##### Data supplied #####

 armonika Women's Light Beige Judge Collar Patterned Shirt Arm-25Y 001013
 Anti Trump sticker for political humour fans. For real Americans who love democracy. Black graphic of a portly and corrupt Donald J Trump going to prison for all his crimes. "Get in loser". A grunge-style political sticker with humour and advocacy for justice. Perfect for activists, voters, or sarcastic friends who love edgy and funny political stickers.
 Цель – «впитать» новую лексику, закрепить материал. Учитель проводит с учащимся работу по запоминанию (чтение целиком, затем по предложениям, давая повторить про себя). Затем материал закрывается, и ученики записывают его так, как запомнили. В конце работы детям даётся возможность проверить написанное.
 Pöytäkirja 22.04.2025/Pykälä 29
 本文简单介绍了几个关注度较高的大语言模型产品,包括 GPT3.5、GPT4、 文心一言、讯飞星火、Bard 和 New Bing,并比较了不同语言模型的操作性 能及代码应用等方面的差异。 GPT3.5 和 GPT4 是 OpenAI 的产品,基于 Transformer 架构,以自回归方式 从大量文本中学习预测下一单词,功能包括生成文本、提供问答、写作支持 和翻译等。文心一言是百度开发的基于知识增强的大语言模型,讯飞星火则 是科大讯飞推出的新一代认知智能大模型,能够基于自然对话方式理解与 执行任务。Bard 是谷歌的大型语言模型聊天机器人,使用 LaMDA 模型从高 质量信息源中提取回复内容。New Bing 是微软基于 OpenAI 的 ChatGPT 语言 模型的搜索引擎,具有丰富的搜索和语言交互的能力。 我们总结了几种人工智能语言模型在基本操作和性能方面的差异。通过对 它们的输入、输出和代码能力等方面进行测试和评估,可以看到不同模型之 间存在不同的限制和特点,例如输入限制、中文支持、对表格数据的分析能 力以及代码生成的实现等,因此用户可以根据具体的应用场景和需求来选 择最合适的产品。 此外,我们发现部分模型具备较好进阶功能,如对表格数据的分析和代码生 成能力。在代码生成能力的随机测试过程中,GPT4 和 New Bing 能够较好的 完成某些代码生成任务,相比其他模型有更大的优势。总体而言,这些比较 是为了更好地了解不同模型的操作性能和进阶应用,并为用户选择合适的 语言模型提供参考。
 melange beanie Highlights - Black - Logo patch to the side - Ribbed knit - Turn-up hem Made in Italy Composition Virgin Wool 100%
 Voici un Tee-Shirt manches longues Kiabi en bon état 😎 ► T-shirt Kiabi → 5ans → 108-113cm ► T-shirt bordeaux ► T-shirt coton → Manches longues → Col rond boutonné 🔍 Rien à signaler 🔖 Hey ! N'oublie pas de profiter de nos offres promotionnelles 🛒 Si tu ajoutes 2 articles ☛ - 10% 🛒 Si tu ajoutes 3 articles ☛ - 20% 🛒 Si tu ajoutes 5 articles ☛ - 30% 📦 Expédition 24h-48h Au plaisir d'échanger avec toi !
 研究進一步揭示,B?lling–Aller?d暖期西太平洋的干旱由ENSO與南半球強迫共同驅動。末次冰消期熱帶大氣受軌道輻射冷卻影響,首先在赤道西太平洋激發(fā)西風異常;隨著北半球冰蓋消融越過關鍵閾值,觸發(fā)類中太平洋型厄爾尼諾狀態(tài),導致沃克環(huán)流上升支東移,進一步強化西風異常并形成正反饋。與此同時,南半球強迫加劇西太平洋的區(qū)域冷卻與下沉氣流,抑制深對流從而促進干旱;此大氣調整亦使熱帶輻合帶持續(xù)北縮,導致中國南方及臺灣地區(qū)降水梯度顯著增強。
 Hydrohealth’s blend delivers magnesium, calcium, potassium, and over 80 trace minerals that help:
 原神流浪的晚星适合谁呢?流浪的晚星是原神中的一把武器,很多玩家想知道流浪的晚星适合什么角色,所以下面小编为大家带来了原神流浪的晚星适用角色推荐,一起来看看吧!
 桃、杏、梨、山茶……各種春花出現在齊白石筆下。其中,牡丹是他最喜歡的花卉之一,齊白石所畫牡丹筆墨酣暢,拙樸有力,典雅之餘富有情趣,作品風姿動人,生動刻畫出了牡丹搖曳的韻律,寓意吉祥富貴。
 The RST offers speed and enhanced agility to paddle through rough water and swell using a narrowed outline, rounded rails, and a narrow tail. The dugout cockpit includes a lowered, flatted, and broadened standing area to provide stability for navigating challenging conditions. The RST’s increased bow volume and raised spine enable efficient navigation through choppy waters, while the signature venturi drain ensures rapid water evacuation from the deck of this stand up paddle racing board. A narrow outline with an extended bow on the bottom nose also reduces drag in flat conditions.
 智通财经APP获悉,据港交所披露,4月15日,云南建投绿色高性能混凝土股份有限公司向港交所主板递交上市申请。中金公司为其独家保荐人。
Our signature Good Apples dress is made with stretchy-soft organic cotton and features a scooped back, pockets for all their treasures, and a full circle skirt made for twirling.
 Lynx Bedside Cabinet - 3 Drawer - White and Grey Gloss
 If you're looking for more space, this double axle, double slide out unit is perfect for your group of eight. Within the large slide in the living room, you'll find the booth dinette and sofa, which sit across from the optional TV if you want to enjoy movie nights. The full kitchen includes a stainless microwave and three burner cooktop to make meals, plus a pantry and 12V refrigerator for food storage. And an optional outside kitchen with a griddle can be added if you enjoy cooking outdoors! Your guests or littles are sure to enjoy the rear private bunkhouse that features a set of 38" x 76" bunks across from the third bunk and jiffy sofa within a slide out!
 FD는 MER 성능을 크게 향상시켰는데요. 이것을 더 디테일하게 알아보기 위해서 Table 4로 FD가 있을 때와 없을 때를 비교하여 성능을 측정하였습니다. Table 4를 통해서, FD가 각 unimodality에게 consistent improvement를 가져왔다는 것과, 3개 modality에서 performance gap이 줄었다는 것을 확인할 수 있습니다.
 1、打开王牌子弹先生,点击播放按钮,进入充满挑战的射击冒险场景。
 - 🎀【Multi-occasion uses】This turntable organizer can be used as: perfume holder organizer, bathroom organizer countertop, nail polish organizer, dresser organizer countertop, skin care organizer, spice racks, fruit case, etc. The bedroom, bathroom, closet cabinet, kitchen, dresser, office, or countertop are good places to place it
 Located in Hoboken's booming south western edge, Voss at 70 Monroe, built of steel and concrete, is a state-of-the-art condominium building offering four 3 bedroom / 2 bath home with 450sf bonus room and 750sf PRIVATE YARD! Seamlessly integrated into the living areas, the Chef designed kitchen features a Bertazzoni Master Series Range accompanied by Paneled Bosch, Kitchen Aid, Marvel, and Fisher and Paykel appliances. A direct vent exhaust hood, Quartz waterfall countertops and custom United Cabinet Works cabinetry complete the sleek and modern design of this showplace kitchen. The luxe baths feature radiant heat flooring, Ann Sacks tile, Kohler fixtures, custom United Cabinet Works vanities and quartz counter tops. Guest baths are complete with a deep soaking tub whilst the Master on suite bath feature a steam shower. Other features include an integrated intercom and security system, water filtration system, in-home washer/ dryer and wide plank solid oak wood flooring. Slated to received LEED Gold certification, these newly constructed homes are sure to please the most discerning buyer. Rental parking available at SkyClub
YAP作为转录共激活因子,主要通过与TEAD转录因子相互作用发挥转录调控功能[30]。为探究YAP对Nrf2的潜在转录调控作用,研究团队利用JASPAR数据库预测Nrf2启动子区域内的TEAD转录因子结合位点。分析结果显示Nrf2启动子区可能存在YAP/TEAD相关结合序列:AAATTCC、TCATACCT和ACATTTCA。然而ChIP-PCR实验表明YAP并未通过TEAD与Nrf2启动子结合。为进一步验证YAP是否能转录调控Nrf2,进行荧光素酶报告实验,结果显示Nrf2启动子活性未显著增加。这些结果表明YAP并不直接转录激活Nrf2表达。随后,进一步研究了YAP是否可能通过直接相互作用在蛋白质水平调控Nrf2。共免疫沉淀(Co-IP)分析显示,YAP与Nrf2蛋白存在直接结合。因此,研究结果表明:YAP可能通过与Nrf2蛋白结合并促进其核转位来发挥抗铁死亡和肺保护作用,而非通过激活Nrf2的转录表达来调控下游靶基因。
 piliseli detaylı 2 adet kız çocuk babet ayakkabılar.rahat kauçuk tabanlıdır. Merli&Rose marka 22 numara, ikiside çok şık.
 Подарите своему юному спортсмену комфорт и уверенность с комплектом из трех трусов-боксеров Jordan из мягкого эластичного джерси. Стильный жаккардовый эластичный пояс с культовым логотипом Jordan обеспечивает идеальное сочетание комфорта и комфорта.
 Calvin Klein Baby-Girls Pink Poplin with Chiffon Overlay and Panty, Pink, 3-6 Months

#####

▶ [Assigned task]: Please write out, exactly as they appear above, only the lines in the stretch from the line with "本文简单介绍了几个关注度较高的大语言模型产品,包括 GPT3.5、GPT4、 文心一言、讯飞星火、Bard" through the line with "桃、杏、梨、山茶……各種春花".

▶ [Answer section]:
 本文简单介绍了几个关注度较高的大语言模型产品,包括 GPT3.5、GPT4、 文心一言、讯飞星火、Bard 和 New Bing,并比较了不同语言模型的操作性 能及代码应用等方面的差异。 GPT3.5 和 GPT4 是 OpenAI 的产品,基于 Transformer 架构,以自回归方式 从大量文本中学习预测下一单词,功能包括生成文本、提供问答、写作支持 和翻译等。文心一言是百度开发的基于知识增强的大语言模型,讯飞星火则 是科大讯飞推出的新一代认知智能大模型,能够基于自然对话方式理解与 执行任务。Bard 是谷歌的大型语言模型聊天机器人,使用 LaMDA 模型从高 质量信息源中提取回复内容。New Bing 是微软基于 OpenAI 的 ChatGPT 语言 模型的搜索引擎,具有丰富的搜索和语言交互的能力。 我们总结了几种人工智能语言模型在基本操作和性能方面的差异。通过对 它们的输入、输出和代码能力等方面进行测试和评估,可以看到不同模型之 间存在不同的限制和特点,例如输入限制、中文支持、对表格数据的分析能 力以及代码生成的实现等,因此用户可以根据具体的应用场景和需求来选 择最合适的产品。 此外,我们发现部分模型具备较好进阶功能,如对表格数据的分析和代码生 成能力。在代码生成能力的随机测试过程中,GPT4 和 New Bing 能够较好的 完成某些代码生成任务,相比其他模型有更大的优势。总体而言,这些比较 是为了更好地了解不同模型的操作性能和进阶应用,并为用户选择合适的 语言模型提供参考。
 melange beanie Highlights - Black - Logo patch to the side - Ribbed knit - Turn-up hem Made in Italy Composition Virgin Wool 100%
 Voici un Tee-Shirt manches longues Kiabi en bon état 😎 ► T-shirt Kiabi → 5ans → 108-113cm ► T-shirt bordeaux ► T-shirt coton → Manches longues → Col rond boutonné 🔍 Rien à signaler 🔖 Hey ! N'oublie pas de profiter de nos offres promotionnelles 🛒 Si tu ajoutes 2 articles ☛ - 10% 🛒 Si tu ajoutes 3 articles ☛ - 20% 🛒 Si tu ajoutes 5 articles ☛ - 30% 📦 Expédition 24h-48h Au plaisir d'échanger avec toi !
 研究進一步揭示,B?lling–Aller?d暖期西太平洋的干旱由ENSO與南半球強迫共同驅動。末次冰消期熱帶大氣受軌道輻射冷卻影響,首先在赤道西太平洋激發(fā)西風異常;隨著北半球冰蓋消融越過關鍵閾值,觸發(fā)類中太平洋型厄爾尼諾狀態(tài),導致沃克環(huán)流上升支東移,進一步強化西風異常并形成正反饋。與此同時,南半球強迫加劇西太平洋的區(qū)域冷卻與下沉氣流,抑制深對流從而促進干旱;此大氣調整亦使熱帶輻合帶持續(xù)北縮,導致中國南方及臺灣地區(qū)降水梯度顯著增強。
 Hydrohealth’s blend delivers magnesium, calcium, potassium, and over 80 trace minerals that help:
 原神流浪的晚星适合谁呢?流浪的晚星是原神中的一把武器,很多玩家想知道流浪的晚星适合什么角色,所以下面小编为大家带来了原神流浪的晚星适用角色推荐,一起来看看吧!
 桃、杏、梨、山茶……各種春花出現在齊白石筆下。其中,牡丹是他最喜歡的花卉之一,齊白石所畫牡丹筆墨酣暢,拙樸有力,典雅之餘富有情趣,作品風姿動人,生動刻畫出了牡丹搖曳的韻律,寓意吉祥富貴。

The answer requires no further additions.